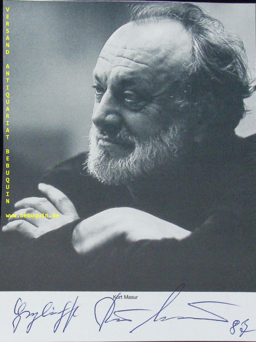 MASUR, Kurt (Dirigent): eigenhändig signierte und datierte Portraitseite. München (Herkulessaal), 1987. 19 x 14 cm. 1 Bl. Kurt Masur (* 18. Juli 1927 in Brieg, Niederschlesien; † 19. Dezember 2015 in Greenwich, Connecticut) war ein deutscher Dirigent. Er war von 1970 bis 1996 Gewandhauskapellmeister in Leipzig, von 1991 bis 2002 Musikdirektor der New Yorker Philharmoniker und von 2000 bis 2007 Chefdirigent des London Philharmonic Orchestra. (Wikipedia)
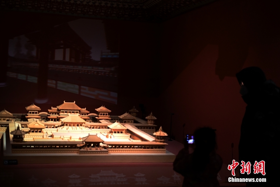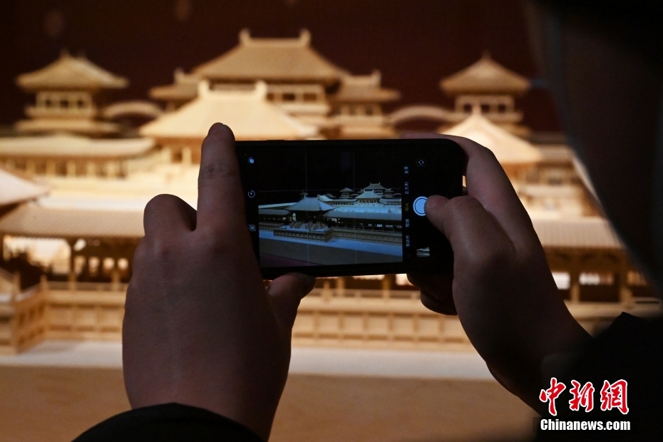 游客正在拍攝“千年?duì)I造——敦煌壁畫中的建筑之美”特展上的佛寺建筑群模型。
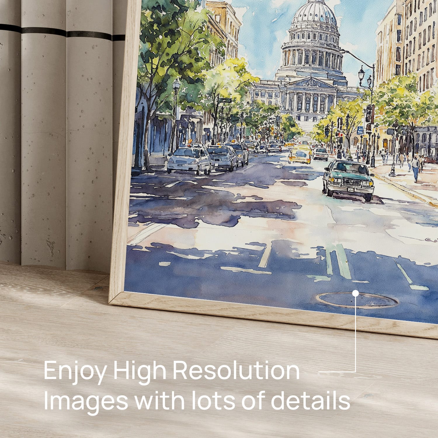Enhance your space with this digital download wall art featuring Madison’s State Capitol Building. The vibrant watercolor design captures the essence of the city, allowing for easy printing in any format you choose.
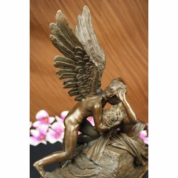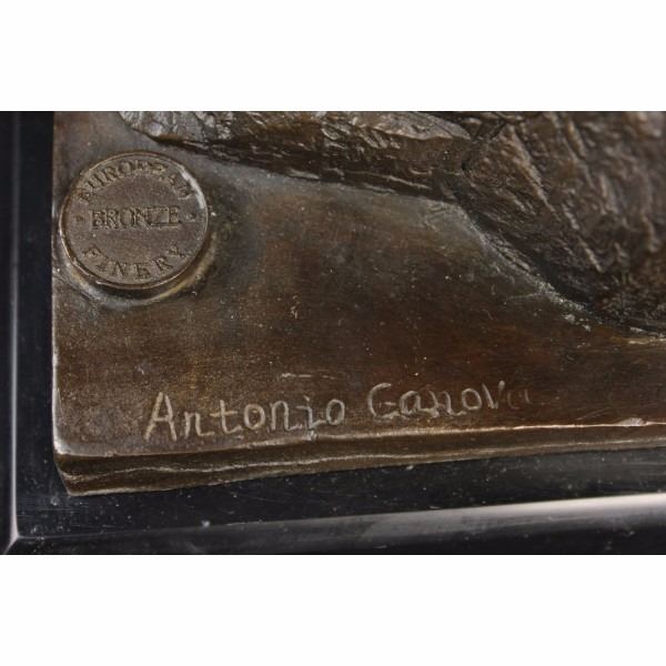 This is a bronze replication of antonio canova's statue psyche revived by cupid's kiss, first commissioned in 1787. It exemplifies the neoclassical devotion to love and emotion. It represents the god cupid in the height of love and tenderness, immediately after awakening the lifeless psyche with a kiss, a scene excerpted from lucius apuleius' the golden ass. A masterpiece of its period, it appeals to the senses of sight and touch, yet simultaneously alludes to the romantic interest in emotion co-existing with neoclassicism. The handmade bronze sculpture was cast using the ancient method of lost-wax casting and stained with a brown patina finish for perpetuation. it is mounted upon a black variegated marble base.
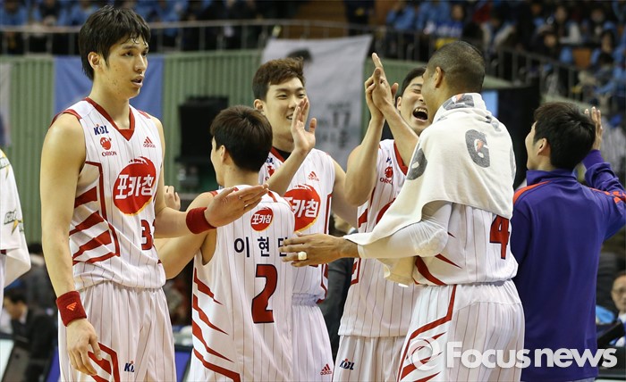 (서울=포커스뉴스) 24일 서울 잠실실내체육관에서 열린 2015-2016 프로농구 삼성-오리온 경기에서 삼성을 물리치면서 공동 선두로 올라선 오리온 선수들이 경기를 마치고 하이파이브를 하면서 기뻐하고 있다.
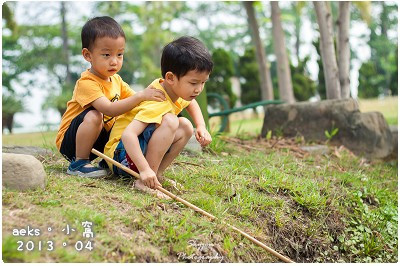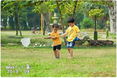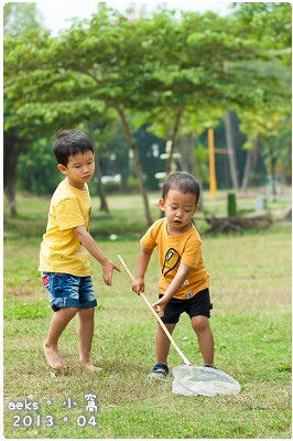 看到他們兩兄弟拿著網子的樣子,再加上Aaron 打著赤腳要去撈魚的樣子,就讓人想起小時候
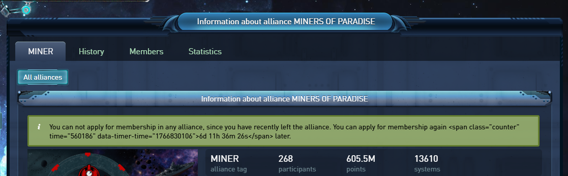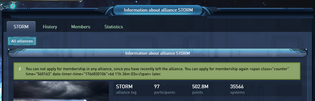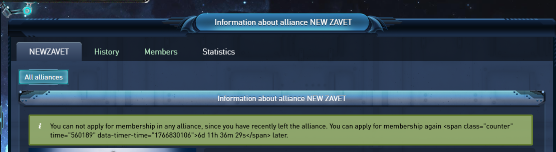 Backstory, I've exited the alliance and wanted to join other, but at the Alliance description form I did saw this green notification blob that contains the message with some HTML tags with classes and their values, that in this case should be hidden/not shown to the player

WHAT IS REQUIRED: Within the entries above, the lines from the one with "(서울=포커스뉴스) 24일 서울" through the final line are to be printed exactly, with the pictures removed.

EXERCISE SOLUTION:
 (서울=포커스뉴스) 24일 서울 잠실실내체육관에서 열린 2015-2016 프로농구 삼성-오리온 경기에서 삼성을 물리치면서 공동 선두로 올라선 오리온 선수들이 경기를 마치고 하이파이브를 하면서 기뻐하고 있다.
 看到他們兩兄弟拿著網子的樣子,再加上Aaron 打著赤腳要去撈魚的樣子,就讓人想起小時候
 Backstory, I've exited the alliance and wanted to join other, but at the Alliance description form I did saw this green notification blob that contains the message with some HTML tags with classes and their values, that in this case should be hidden/not shown to the player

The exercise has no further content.